[EXERCISE INSTRUCTIONS]
Leave every image out, and print the remaining lines below exactly.

[COLLECTED MATERIAL]
┌────────

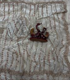White color beads and sequence embroidery work space silk saree
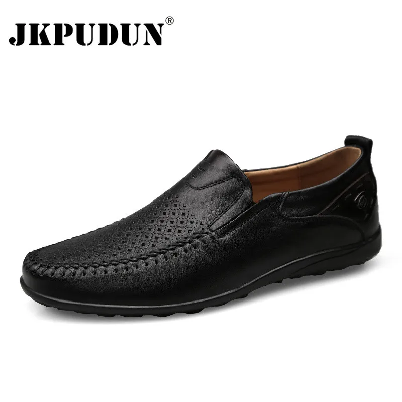 JKPUDUN Italian Men Casual Shoes Summer Genuine Leather Men Loafers Moccasins Slip On Men's Flats Breathable Male Driving Shoes
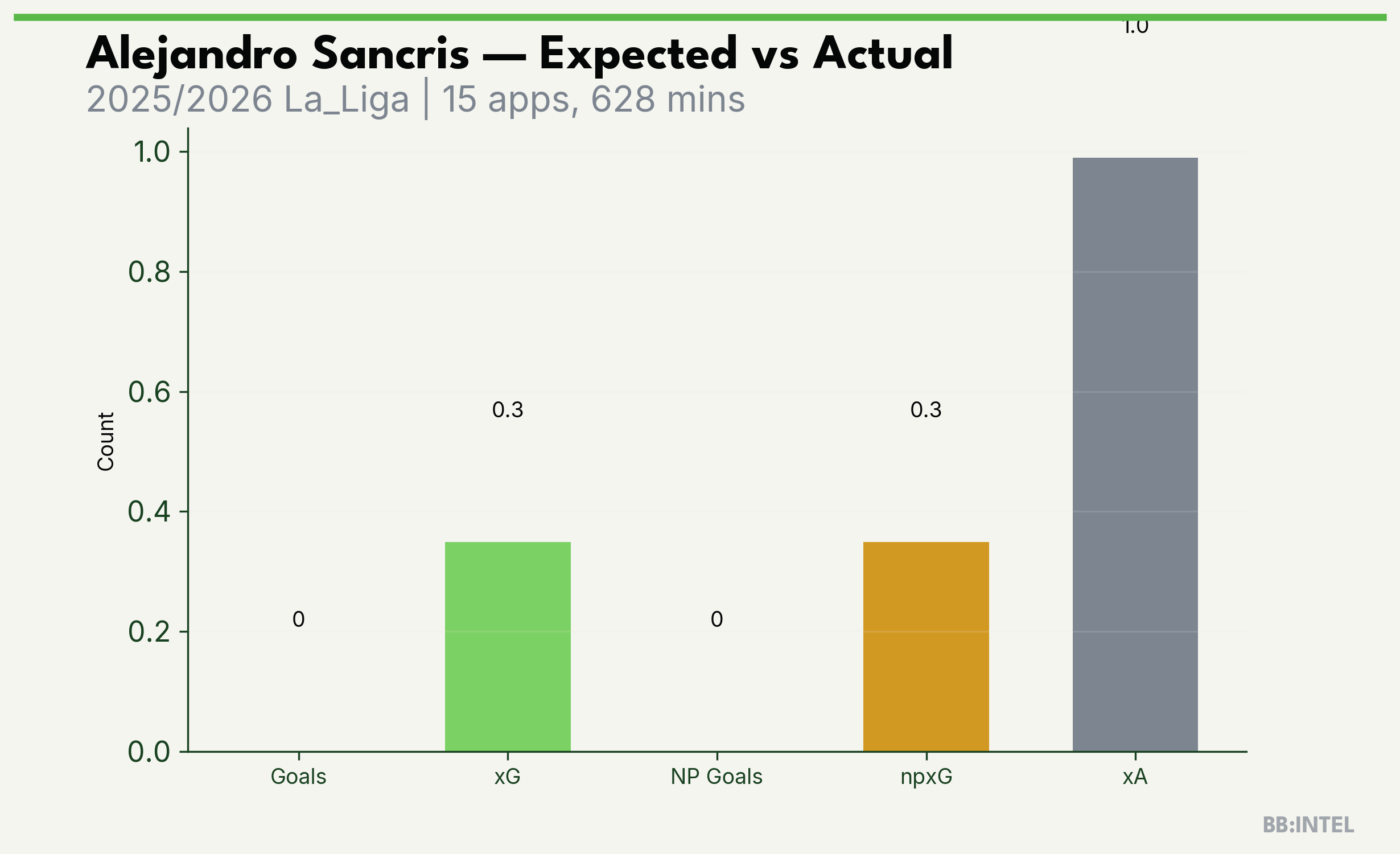 | 2025/2026 | La_Liga | 15 | 0 | 0.3 | 1.0 | 11 | -0.3 |
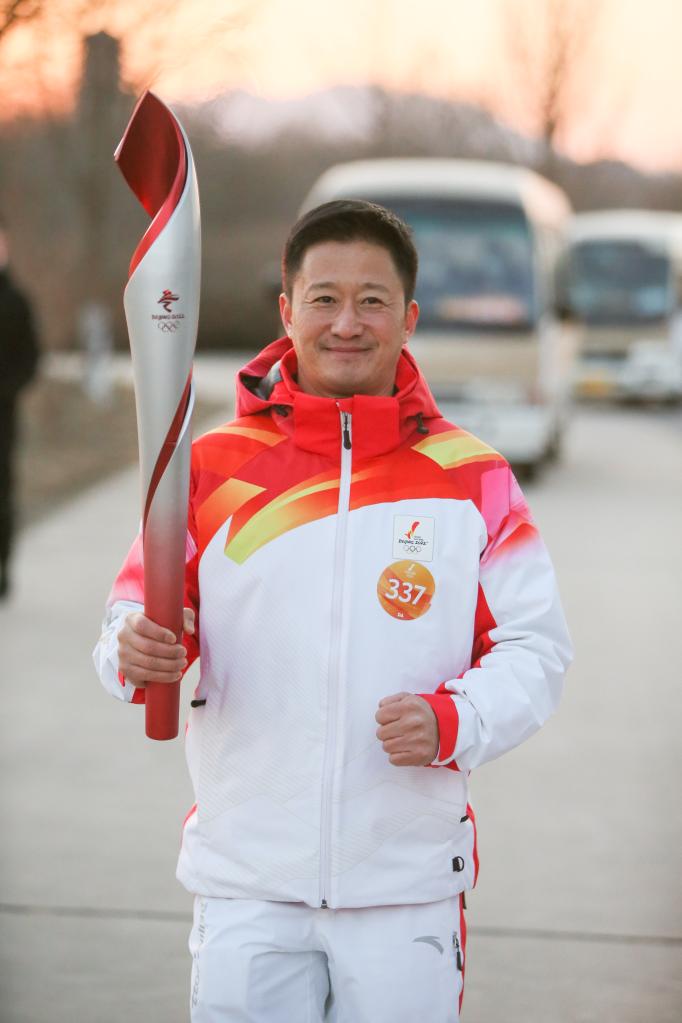 2月2日,火炬手吴京在火炬传递中。新华社记者孟晨光摄

└────────

[RESPONSE TO THIS EXERCISE]
White color beads and sequence embroidery work space silk saree
 JKPUDUN Italian Men Casual Shoes Summer Genuine Leather Men Loafers Moccasins Slip On Men's Flats Breathable Male Driving Shoes
 | 2025/2026 | La_Liga | 15 | 0 | 0.3 | 1.0 | 11 | -0.3 |
 2月2日,火炬手吴京在火炬传递中。新华社记者孟晨光摄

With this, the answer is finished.